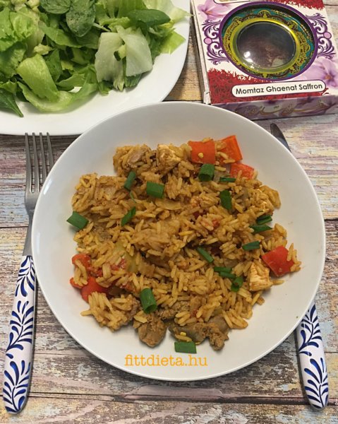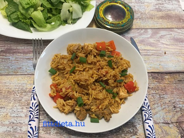 A vöröshagymát apróra vágjuk és egy wok serpenyőben kevés olívaolajon üvegesre pirítjuk. Erre dobjuk az apróra vágott kaliforniai paprikát és a paradicsomot. A rizsszemeket alaposan átmossuk, majd a zöldséges alaphoz adjuk. Felöntjük a húsleves alaplével és beleszórjuk a fűszereket. Alacsony lángon kb. 15 percig főzzük az egészet. Letakarjuk és néha megkeverjük. Végül hozzáadjuk a felkockázott csirkemellet és a csirkemájat. Alacsony lángon kb. még 15 percig főzzük.
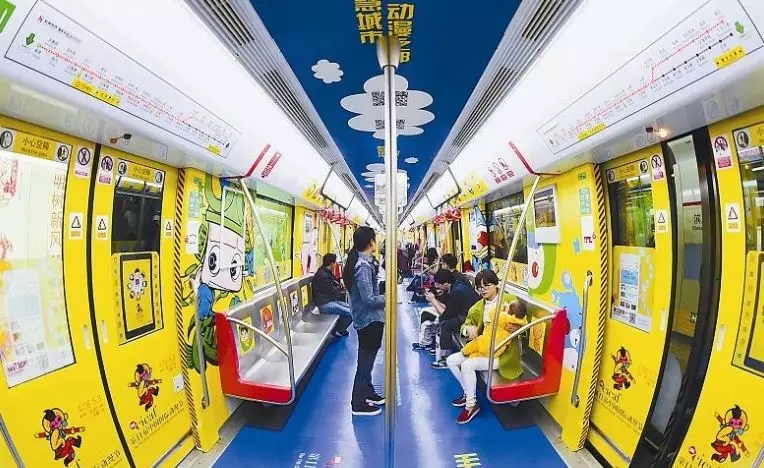 在杭州,有专门用动漫元素装饰的小区外墙,主要道路的上千个箱体也用动漫来包装,坐地铁、坐公交,甚至机场里都能和动漫相遇。
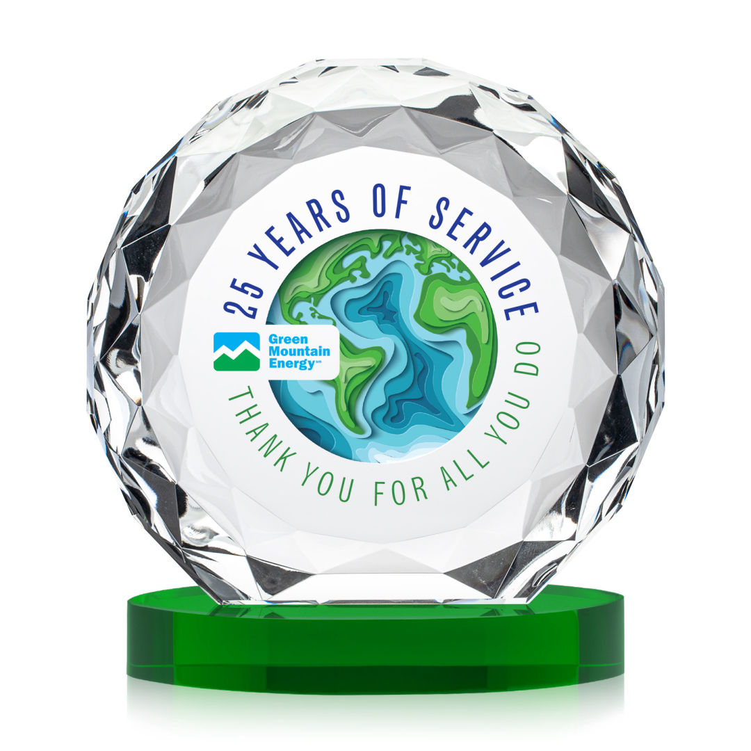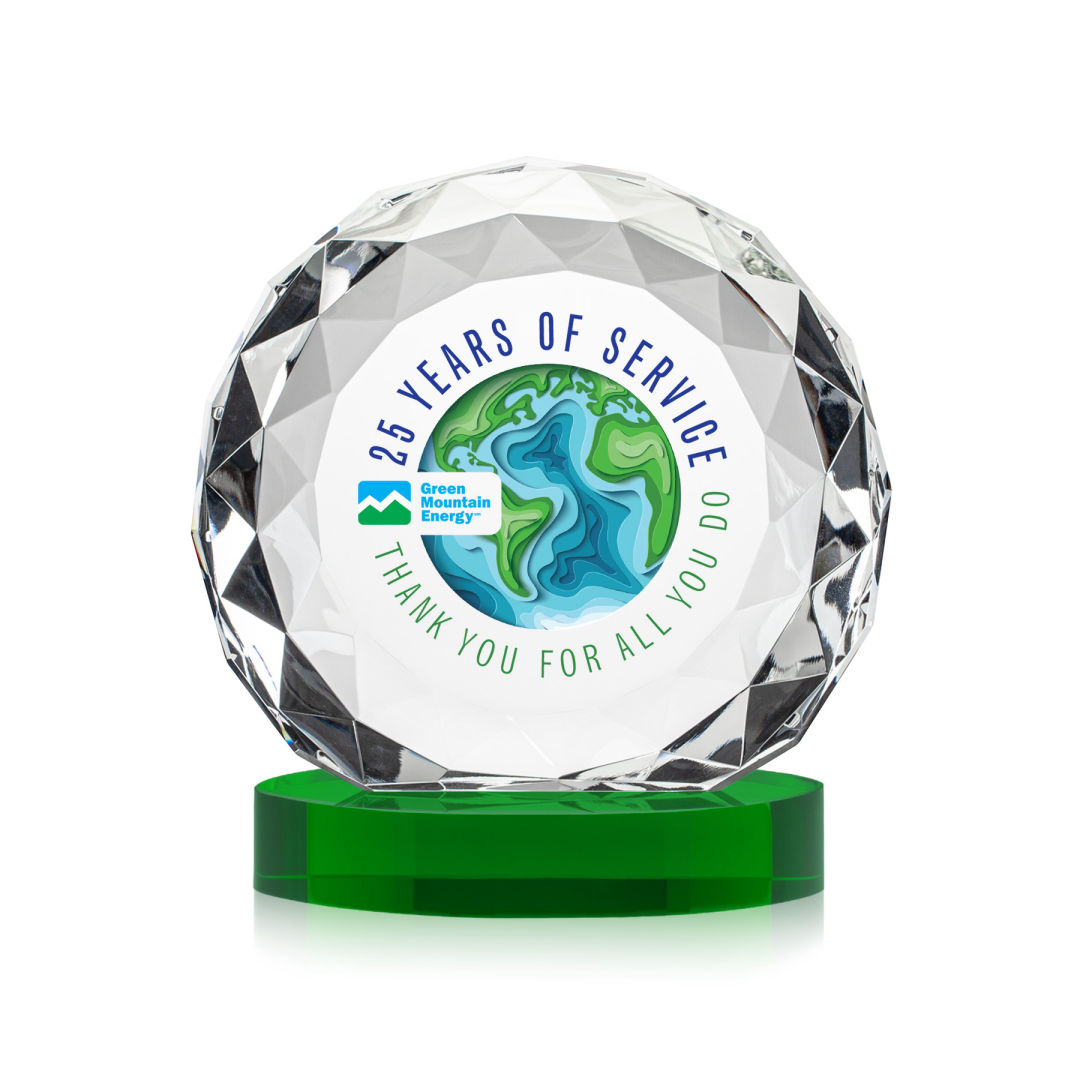 The VividPrint™ Seville on Alberton Base combines the elegance of the gem-cut Seville Award with the bold presence of a solid crystal base. Its oval-shaped base supports the faceted round award with vibrant reflections that enhance its brilliance. Perfect for milestones, achievements, or recognition, this piece delivers a striking balance of sophistication and impact. Bring your design to life with brilliant full-color VividPrint™, adding depth and vibrancy to every detail of your artwork. 4.0″ W x 4.75″ H x 2.25″ D

## [Try it]
Write out the whole listing exactly as it appears, and omit the pictures.

## [Exercise answer]
 A vöröshagymát apróra vágjuk és egy wok serpenyőben kevés olívaolajon üvegesre pirítjuk. Erre dobjuk az apróra vágott kaliforniai paprikát és a paradicsomot. A rizsszemeket alaposan átmossuk, majd a zöldséges alaphoz adjuk. Felöntjük a húsleves alaplével és beleszórjuk a fűszereket. Alacsony lángon kb. 15 percig főzzük az egészet. Letakarjuk és néha megkeverjük. Végül hozzáadjuk a felkockázott csirkemellet és a csirkemájat. Alacsony lángon kb. még 15 percig főzzük.
 在杭州,有专门用动漫元素装饰的小区外墙,主要道路的上千个箱体也用动漫来包装,坐地铁、坐公交,甚至机场里都能和动漫相遇。
 The VividPrint™ Seville on Alberton Base combines the elegance of the gem-cut Seville Award with the bold presence of a solid crystal base. Its oval-shaped base supports the faceted round award with vibrant reflections that enhance its brilliance. Perfect for milestones, achievements, or recognition, this piece delivers a striking balance of sophistication and impact. Bring your design to life with brilliant full-color VividPrint™, adding depth and vibrancy to every detail of your artwork. 4.0″ W x 4.75″ H x 2.25″ D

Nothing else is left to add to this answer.